Exercise prompt:
Every line from the one with "Slatted Pit For Free Stall Barn" to the end of the listing below must be printed exactly, with no other text and no pictures.
*** Opening Materials provided ***
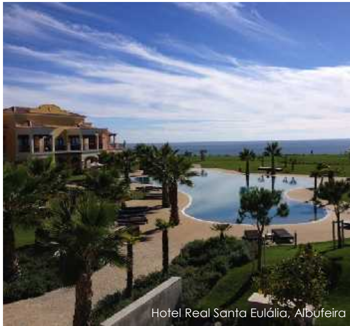
Hotel Real Santa Eulália, Albufeira
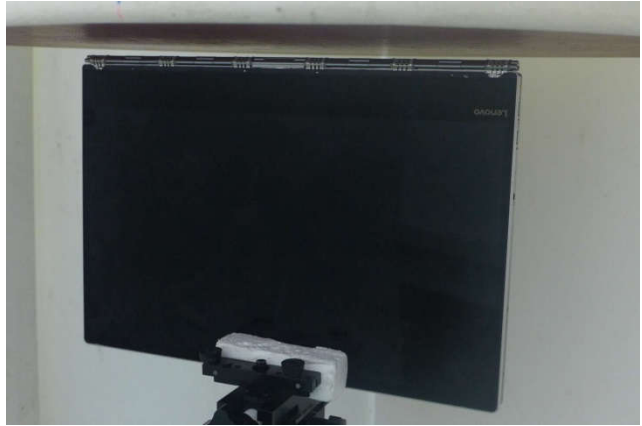
Edge 3, Test Separation 5 mm
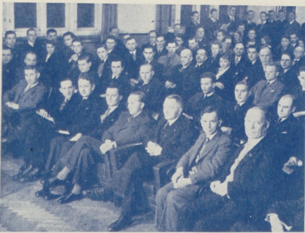
A Members' Forum.
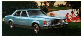
FORD GRANADA. Looks like cars costing 3 times more.

*5-passenger 4-Door model, 4-passenger 2-Door model.
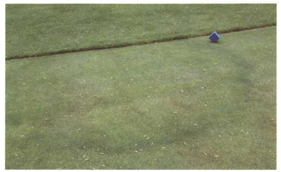
Figure 2: Fairy ring may not kill turf, but can cause yellowing and stunting to occur.
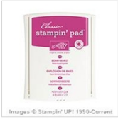
Berry Burst Classic Stampin' Pad 144083
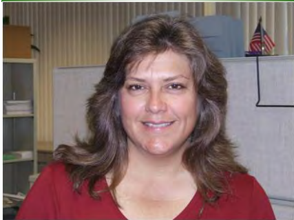
Carol Purchell Building Services
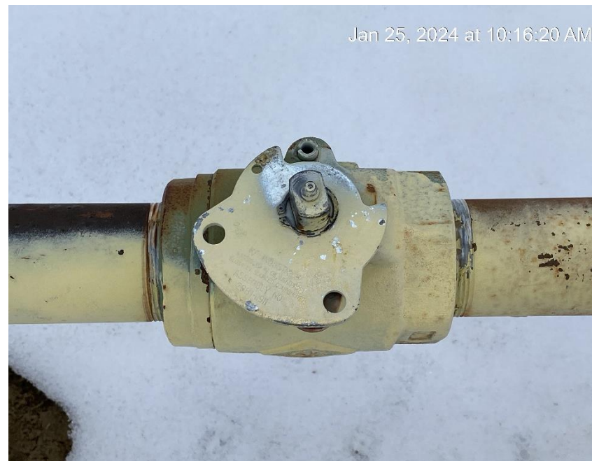
Valve cracked open on #10 flowline on 1/25/24
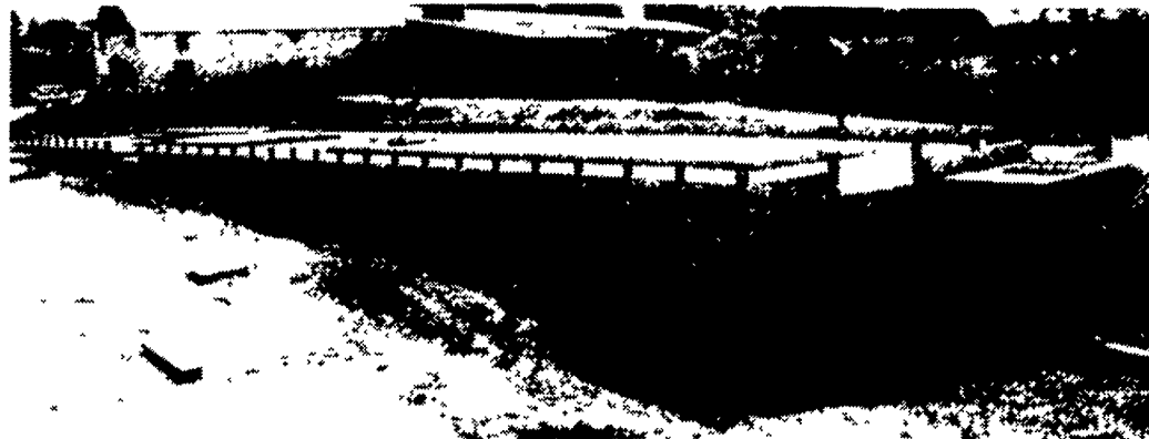
Slatted Pit For Free Stall Barn

Round or Rectangular, In-Ground or Above-Ground
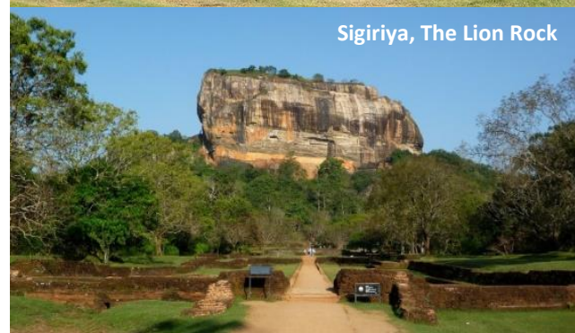
Sigiriya, The Lion Rock
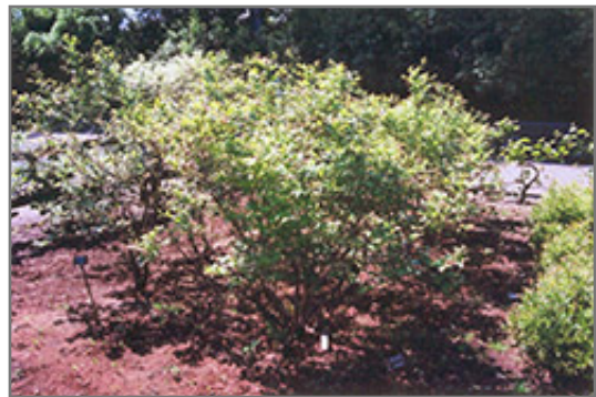
Northland Blueberry
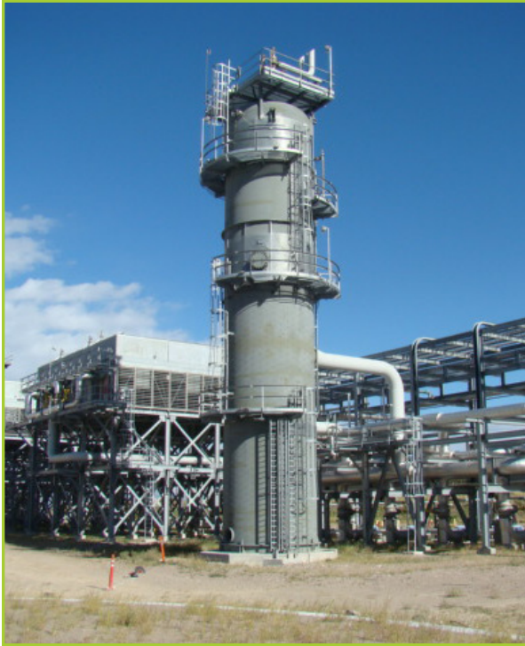
MIDWEST IMPERIAL STEEL FAB. INC SURGE DRUM, 15' X 60'
*** Closing Materials provided ***
Response box:
Slatted Pit For Free Stall Barn

Round or Rectangular, In-Ground or Above-Ground
Sigiriya, The Lion Rock
Northland Blueberry
MIDWEST IMPERIAL STEEL FAB. INC SURGE DRUM, 15' X 60'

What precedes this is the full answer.